YOUR ASSIGNMENT >> Write the records out again exactly, leaving no images in.

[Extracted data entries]

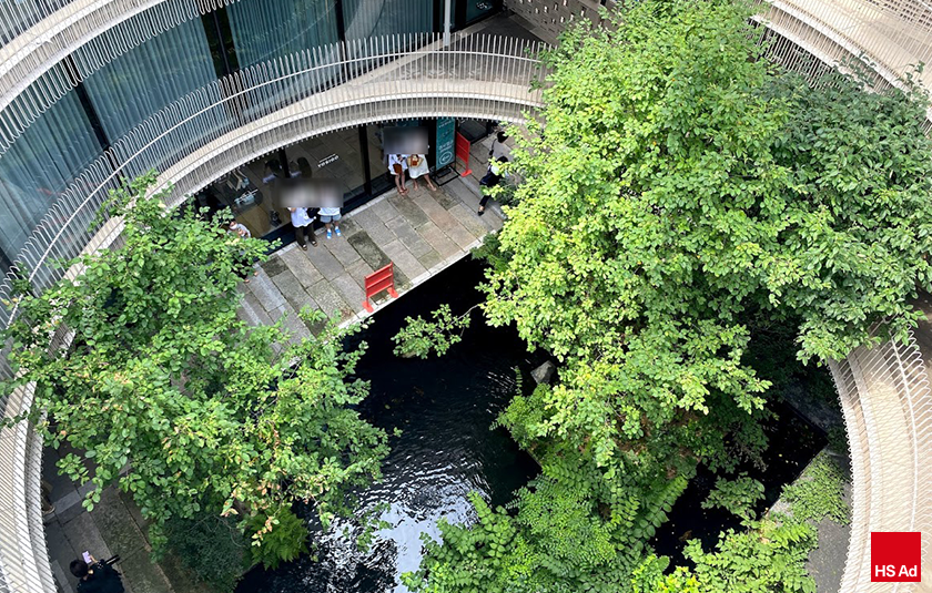 덕분에 우리는 건물의 본래 목적인 사옥으로 활용되기 전, 아름다운 건축과 그 속에서 즐기는 매력적인 콘텐츠 경험을 함께 즐길 수 있게 되었죠. 이 공간의 매력은 원통 형태의 중정을 품고 있는 건축이 주는 경험인데요. 브릭웰은 건물을 관통하는 중정을 만들고 1층을 필로티로 설계하였습니다. 중심에 있는 나무와 아담한 연못으로 이루어진 중정은 누구든 골목을 걷다가 들어와 휴식을 취할 수 있는 도심 속 휴식 공간의 역할을 하고 있는데요. 내부 설계도 벽을 최대한 줄여서 어느 위치에서도 중정이 보일 수 있도록 의도했다고 합니다.
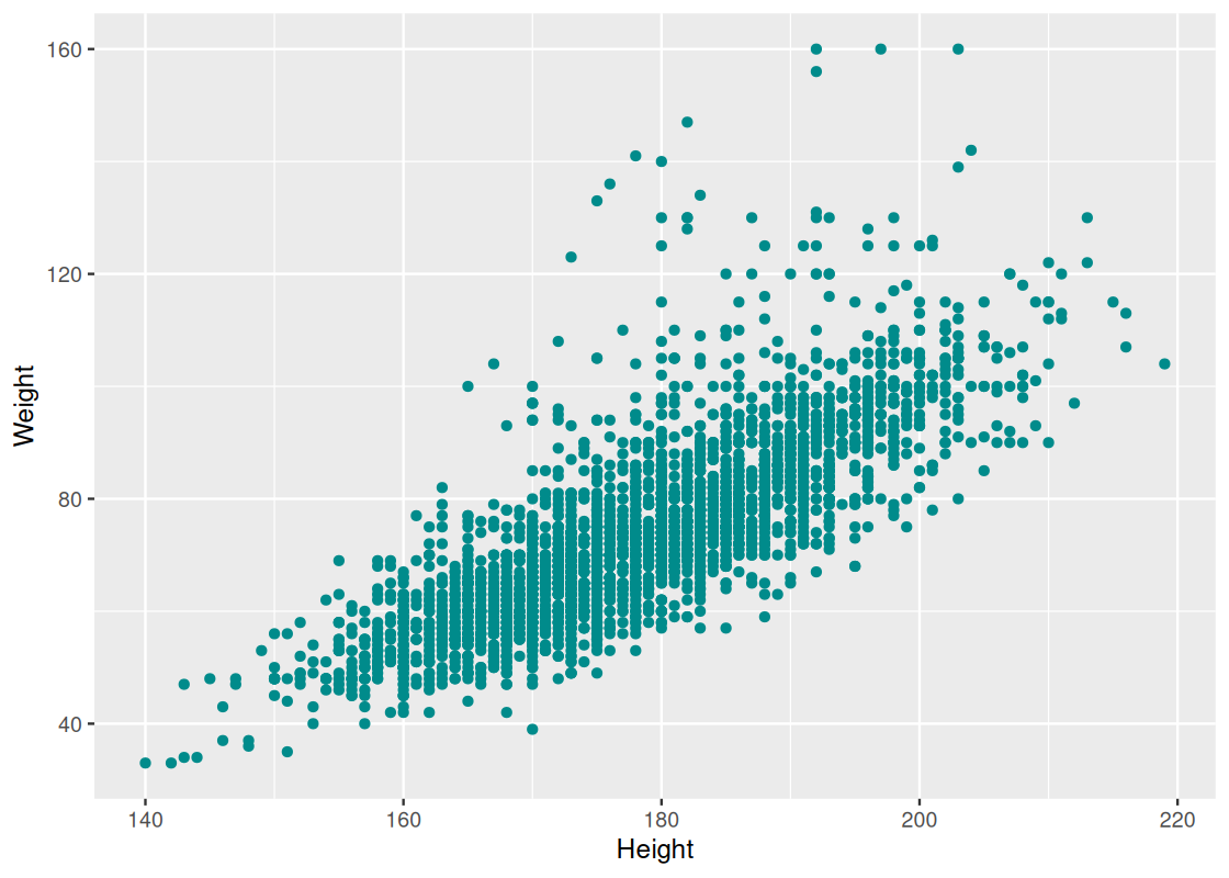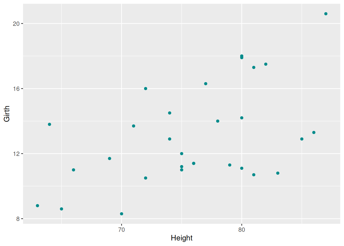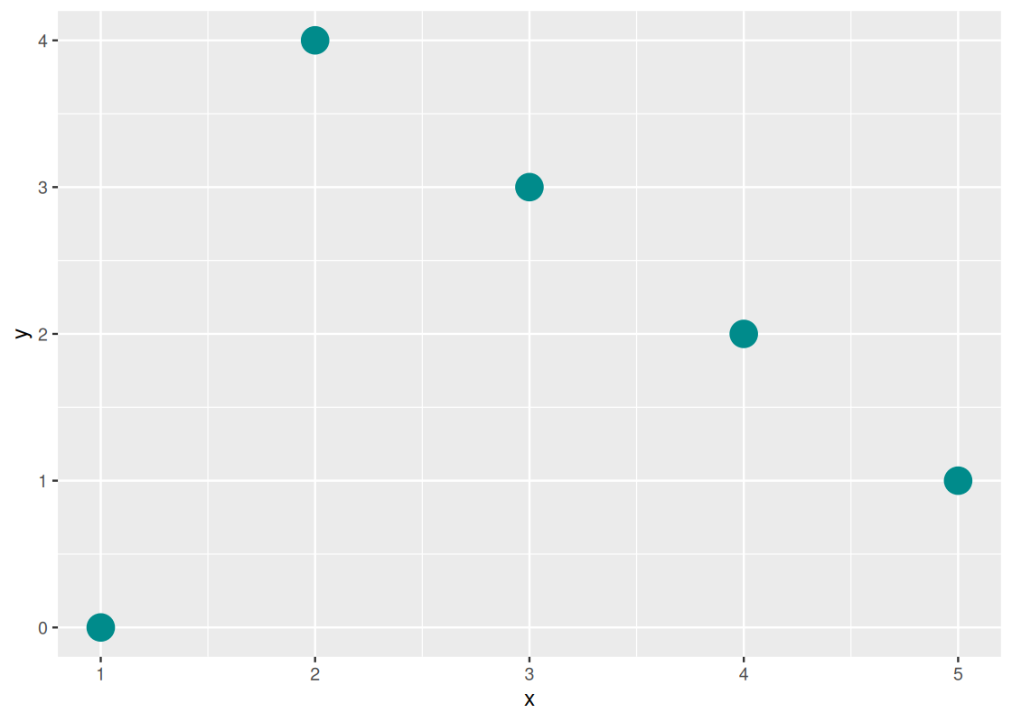 geom_point(aes(x = x, y = y), color = "darkcyan")
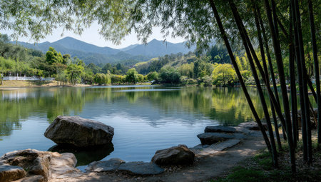 Landscape view of a lake in a park with bamboo trees.
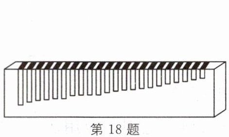 18. 小夏在研究口琴的发声原理时,拆掉了口琴外壳,发现在气孔边分布着长短、厚薄都不同的一排铜片,如图所示。吹口琴时,在气流的冲击下,铜片振动,发出声音,对不同气孔吹气,改变了声音的
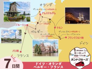 フランクフルト発 ドイツとオランダ、ベルギー、パリ 7日間(パリ着)

EXERCISE ANSWER >>
 덕분에 우리는 건물의 본래 목적인 사옥으로 활용되기 전, 아름다운 건축과 그 속에서 즐기는 매력적인 콘텐츠 경험을 함께 즐길 수 있게 되었죠. 이 공간의 매력은 원통 형태의 중정을 품고 있는 건축이 주는 경험인데요. 브릭웰은 건물을 관통하는 중정을 만들고 1층을 필로티로 설계하였습니다. 중심에 있는 나무와 아담한 연못으로 이루어진 중정은 누구든 골목을 걷다가 들어와 휴식을 취할 수 있는 도심 속 휴식 공간의 역할을 하고 있는데요. 내부 설계도 벽을 최대한 줄여서 어느 위치에서도 중정이 보일 수 있도록 의도했다고 합니다.
 geom_point(aes(x = x, y = y), color = "darkcyan")
 Landscape view of a lake in a park with bamboo trees.
 18. 小夏在研究口琴的发声原理时,拆掉了口琴外壳,发现在气孔边分布着长短、厚薄都不同的一排铜片,如图所示。吹口琴时,在气流的冲击下,铜片振动,发出声音,对不同气孔吹气,改变了声音的
 フランクフルト発 ドイツとオランダ、ベルギー、パリ 7日間(パリ着)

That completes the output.